The company was founded on May 9, 1994, as Funimation Productions. (Note: Stylized as FUNimation Productions.) The company was originally based in Silicon Valley, but eventually relocated to North Richland Hills, Texas. They initially collaborated with other companies on Dragon Ball/Dragon Ball Z, such as BLT Productions, Ocean Studios, Pioneer and Saban Entertainment. After two aborted attempts to bring the Dragon Ball franchise to television via first-run syndication, Cartoon Network began airing Dragon Ball Z as part of its Toonami programming block in 1998, which quickly became the highest-rated show on the block and garnered a large following. The success of Dragon Ball Z is credited for allowing Funimation to acquire other licensed titles. Funimation also produced and distributed the direct-to-video movie Chuck E. Cheese in the Galaxy 5000, the company's first non-anime product.

In May 2002, the company secured its first third-party home video deal when fellow anime dubbing company 4Kids Entertainment appointed Funimation as their exclusive home video distributor in the United States. The deal included a majority of products 4Kids licensed at the time, beginning with Yu-Gi-Oh!, Cubix, Cabbage Patch Kids, Tama and Friends, and Kirby: Right Back at Ya!. The deal was later expanded to include Sonic X, Teenage Mutant Ninja Turtles and Ultraman Tiga.

Following the success of the 4Kids deal, Funimation entered into a strategic partnership with the Canadian-based Nelvana on September 26, 2003. The deal allowed the two companies to work on the production of prospective new anime, and for Funimation to distribute over forty-four titles from Nelvana's library on home video; including Redwall, Pecola, Tales from the Cryptkeeper, Timothy Goes to School and the Disney Channel TV special The Santa Claus Brothers.

In July 2004, Funimation expanded its family-friendly offerings by launching a new division entitled Our Time Family Entertainment, which provided high-quality entertainment properties to the burgeoning preschool and children's market.
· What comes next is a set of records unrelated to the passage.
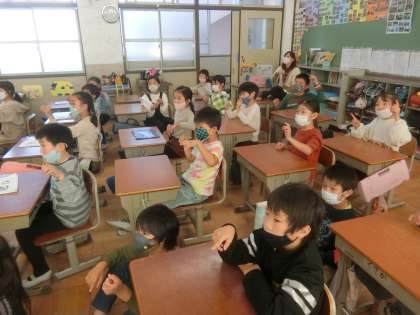 今練習している「ともだちになるために」の曲に合わせて手話の練習をしました。曲の意味を考え,手話を合わせたことで,これまで以上に心のこもった歌唱になりました。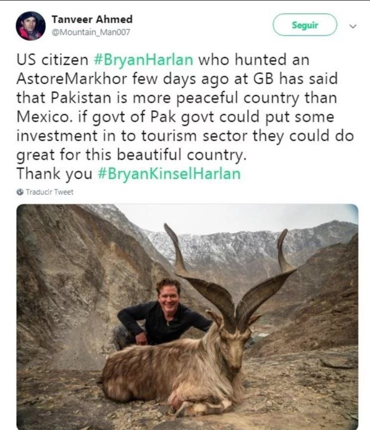 Bryan Kinsel Harlan, de Texas, quedó en el ojo de la tormenta tras matar a una cabra montesa de la especie Astor Markhor, que está en peligro de extinción. El hombre tuvo que pagar 110 mil dólares para que las autoridades de Pakistán le permitieran cazar en la región del Himalaya.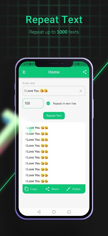 टेक्स्ट लूपर: दोहराएँ, स्टाइल करें, साझा करें! फ़ॉन्ट के साथ टेक्स्ट को सेकंडों में रूपांतरित करें!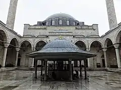 La mezquita fue construida en una terraza con vistas a la Cisterna de Aspar, el mayor de los tres depósitos romanos en Constantinopla. El gran patio (avlu) tiene un pórtico con una columnada de varios tipos de mármol y granito. La mezquita tiene paneles de azulejos coloreados que fueron decorados usando la técnica de la cuerda seca. Son similares a los paneles de la luneta sobre las ventanas a ambos lados de la chimenea en la Sala de la Circuncisión (Sünnet Odası) del Palacio de Topkapı y casi con certeza fueron hechos por el mismo grupo de artesanos iraníes que trabajaban para la corte otomana.[2][3] La mezquita está flanqueada por minaretes gemelos.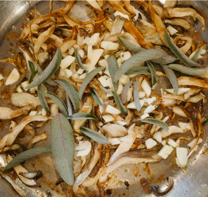 - Add pioppino mushrooms and sauté 5–7 minutes until browned.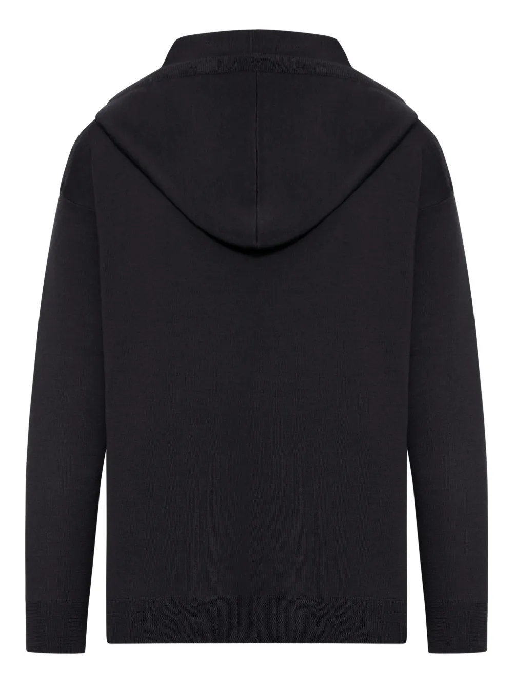 Черный шерстяной свитер с капюшоном, завязывающимся на шнурок, с бархатной отделкой.

Products released under the division included the film Little Nemo: Adventures in Slumberland, several holiday specials, and select offerings from Nelvana (Elliot Moose, Marvin the Tap-Dancing Horse, Timothy Goes to School), WGBH (Arthur and the co-production Time Warp Trio), and Alliance Atlantis (Connie the Cow).
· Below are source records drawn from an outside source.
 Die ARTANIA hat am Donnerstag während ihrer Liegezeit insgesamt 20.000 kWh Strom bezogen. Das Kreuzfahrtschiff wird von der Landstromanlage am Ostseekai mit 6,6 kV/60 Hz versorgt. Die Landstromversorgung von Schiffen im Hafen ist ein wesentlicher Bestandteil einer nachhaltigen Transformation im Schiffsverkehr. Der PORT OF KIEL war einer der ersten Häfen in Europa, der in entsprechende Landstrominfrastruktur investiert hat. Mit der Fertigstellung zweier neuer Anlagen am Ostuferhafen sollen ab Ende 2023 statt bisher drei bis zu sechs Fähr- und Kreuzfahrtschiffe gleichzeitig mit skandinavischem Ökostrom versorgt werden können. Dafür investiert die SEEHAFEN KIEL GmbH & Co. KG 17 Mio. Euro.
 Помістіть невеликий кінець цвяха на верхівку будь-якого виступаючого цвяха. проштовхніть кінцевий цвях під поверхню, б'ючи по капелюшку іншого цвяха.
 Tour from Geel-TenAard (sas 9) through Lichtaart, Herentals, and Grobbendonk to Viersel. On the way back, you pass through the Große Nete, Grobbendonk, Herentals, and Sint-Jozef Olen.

Funimation continued into licensing non-anime material when the company was appointed as the North American license holder for the British series Make Way for Noddy by franchise owners Chorion in January 2005.

==== Acquisition by Navarre Corporation ====
On May 11, 2005, Funimation was acquired by Navarre Corporation for US$100.4 million in cash and 1.8 million shares of Navarre stock. As part of the acquisition, Gen Fukunaga was retained as head of the company, transitioning to the position of CEO, and the company's name was changed from Funimation Productions to Funimation Entertainment. (Note: Stylized as FUNimation Entertainment.) In 2007, Funimation moved from North Richland Hills, Texas to Flower Mound. Funimation moved into the Lakeside Business District with a ten-year lease.
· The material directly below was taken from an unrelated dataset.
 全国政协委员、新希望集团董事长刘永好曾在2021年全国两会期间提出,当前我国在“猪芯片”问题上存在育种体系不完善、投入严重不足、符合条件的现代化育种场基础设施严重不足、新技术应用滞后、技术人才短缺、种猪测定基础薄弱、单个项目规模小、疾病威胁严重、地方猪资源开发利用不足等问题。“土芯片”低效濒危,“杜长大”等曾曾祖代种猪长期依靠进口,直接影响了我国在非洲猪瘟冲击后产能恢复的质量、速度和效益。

According to an interview in February 2008 with Navarre Corporation CEO Cary Deacon, Funimation was in early stage negotiations to acquire some of the titles licensed through Geneon's USA division, which ceased operations in December 2007. In July 2008, Funimation confirmed that they had acquired distribution rights to several Geneon titles, including some that Geneon had left unfinished when they withdrew from the U.S. market. At Anime Expo 2008, Funimation announced that it had acquired over 30 titles from the Sojitz catalog that had previously been licensed by ADV Films. In 2009, Funimation signed a deal with Toei Animation to stream several of its anime titles online through the Funimation website.

==== Navarre divestiture; Nico Nico partnership ====

Funimation logo from 2005 to January 2016; a colored variant was used from May 2005 to mid 2011, while this variant was used from mid 2011 to January 2016.

On May 27, 2010, Navarre Corporation announced that it began negotiating a potential sale of Funimation. It was also announced that if the sale took place, Funimation would be reclassified as a "discounted operation" starting in the first quarter of 2011. On September 16, 2010, Navarre announced that six potential buyers were interested in acquiring Funimation. In the first quarter of 2011, Navarre reclassified Funimation as "discounted operations". On April 4, 2011, Navarre released a statement announcing that Funimation had been sold to a group of investors that included original owner Gen Fukunaga for $24 million. It was also announced that Navarre would remain as exclusive distributor of Funimation's titles.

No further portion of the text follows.